A third, related issue concerns the absence of decoupling from the neutral images during mind-wandering episodes. That is, whereas past studies have shown an attenuation of the P3 to affectively neutral stimuli in mind-wandering states (Barron et al., 2011; Smallwood, Beach, et al., 2008), we did not observe the same P3 attenuation to our neutral images. What might explain this difference? For one thing, the nature of the stimuli used in past studies (i.e., numbers and geometric shapes) was notably different from that in the present study (i.e., naturalistic photos), even though all of these stimuli may all be considered neutral. Furthermore, the lack of P3 modulation in neutral images in this study was in fact consistent with our previous findings of an absence of P3 attenuation to the target when probes were presented in the upper and lower visual fields (Kam et al., 2011). Both findings suggest that mind-wandering-related P3 modulations appear to decrease as the stimulus set or task becomes more complicated or engaging, at least for more affectively neutral stimuli. Critically, that we observed a trend for a reduction in the P3 to painful images in the present study validates the subjective reports of attentional states.

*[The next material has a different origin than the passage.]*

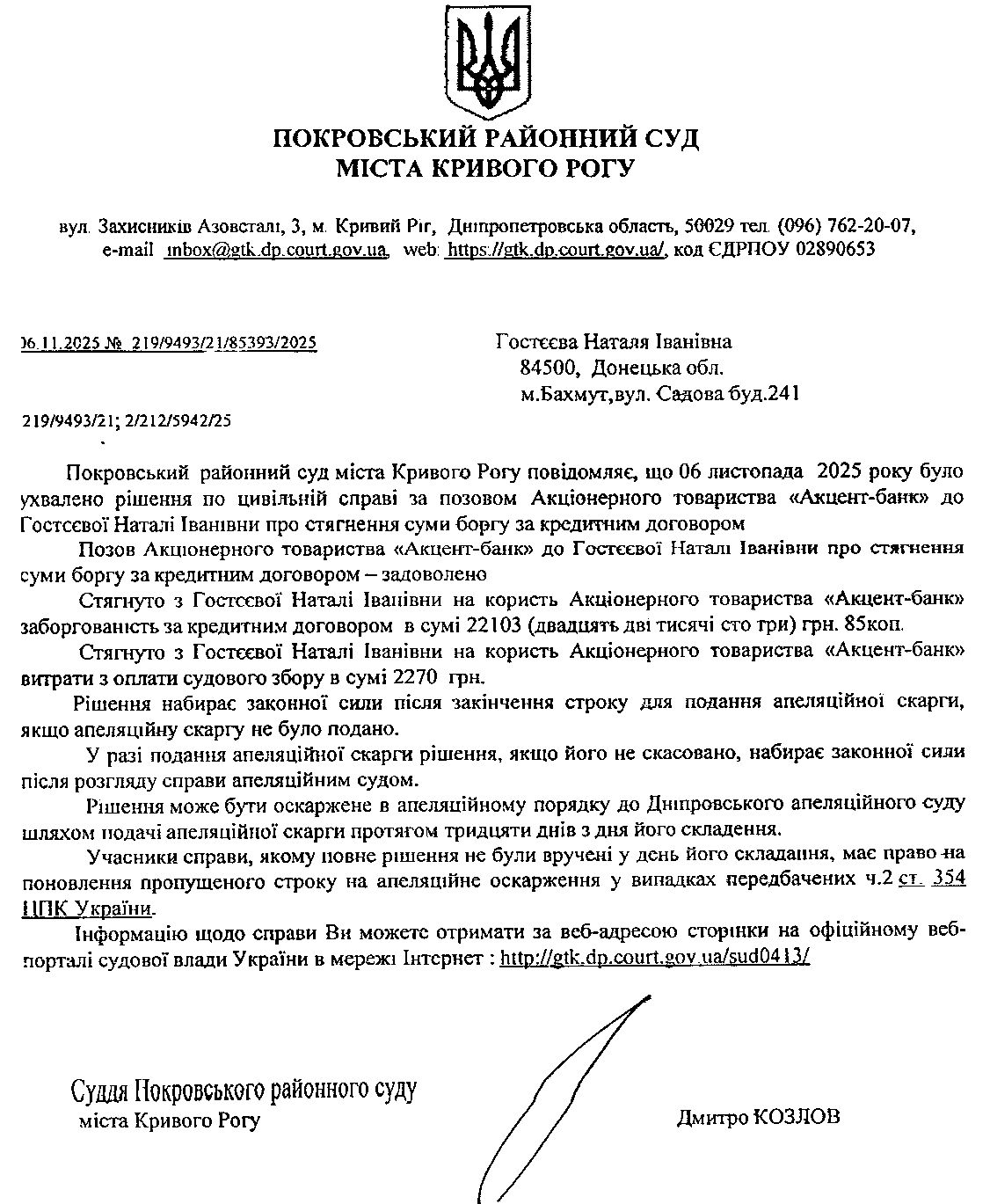 Повідомлення про розгляд цивільної справи за позовом АТ "Акцент-Банк" до Гостєєвої Наталі Іванівни про стягнення заборгованості
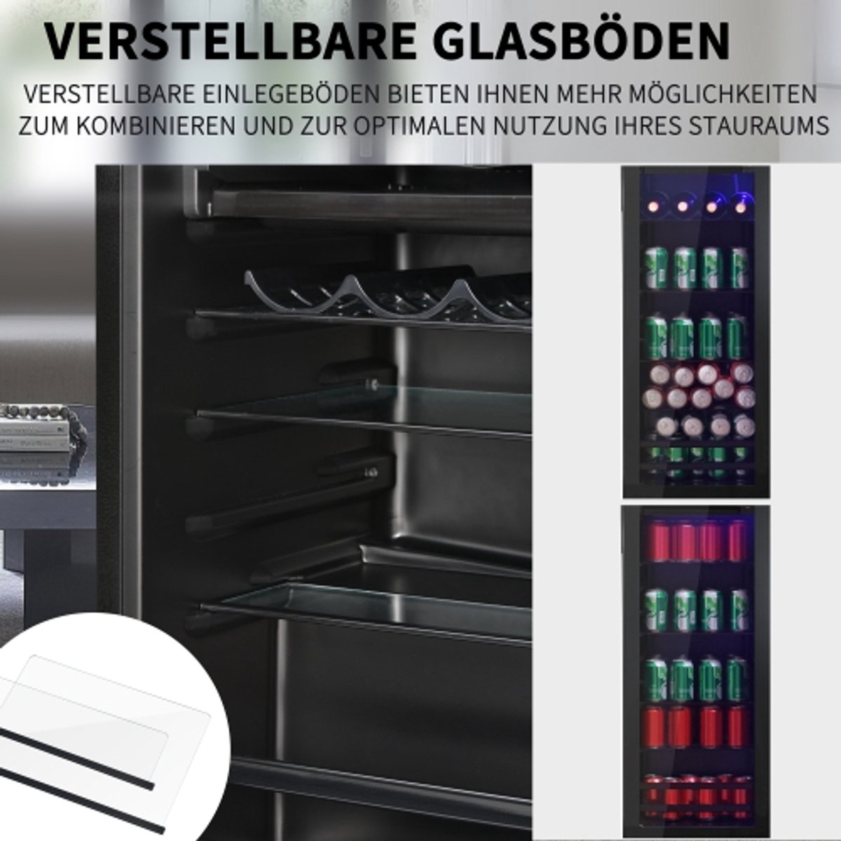 - Je veel blikjes en flessen wilt koelen met flexibel aanpasbare planken.

The fourth issue pertains to the somatosensory response to perceived pain. In particular, previous studies have shown that observing others in pain modulates the laser-evoked (Valeriani, Betti, Le Pera, de Armas, Miliucii, Restuccia, Aglioti, 2008) and somatosensory-evoked (Bufalari, Aprile, Avenanti, di Russo, & Algioti, 2007) potentials over the somatosensory cortex. Similar findings have been reported in studies using magnetoencephalography (Betti, Zappasodi, Rossini, Aglioti, & Tecchio, 2009) as well as transcranial magnetic stimulation (Avenanti, Bueti, Galati, & Aglioti, 2005). Although these results converge on the notion that the mere observation of others’ pain impacts on sensory-related somatic neural processing, the paradigms and methodology used elicited a neural response that was notably different from ours. An important difference is that many of these studies induced acute pain in their participants and measured their response to the induced pain. In our study, however, no such stimulation was induced in our participants, and therefore any sensory response elicited in our experiments would be strictly restricted to the visual domain. As such, although we would not expect to observe any somatosensory response in our data, it would be interesting for future research to examine whether the effects of mind wandering would extend to attenuated somatosensory responses to direct stimulation.

As a final point, the ERP-based responses to pain have been dissociated into two components, as previously noted—an initial, automatic simulation of the pain, followed by a more evaluative analysis of the pain and its context (Decety & Lamm, 2006; Fan & Han, 2008; Gu & Han, 2007). Within this model, we found an effect of mind wandering only on the later, evaluative response to observed pain. This result is consistent with those of Fan and Han, who found that the later empathy response was subject to modulation by top-down attentional influences, but the earlier sensory-related response was not. In Fan and Han’s study, attention was manipulated by invoking a dual-task situation, such that some proportion of attentional resources were deliberately directed away from processing the affective images. In the present study, we were studying a distinct form of attention, and in particular, natural, transient fluctuations in whether one is paying attention to the task at hand (e.g., Dosenbach et al., 2008). The collective evidence thus indicates that only the later stages of empathetic responses to pain are susceptible to varying forms of attentional modulation.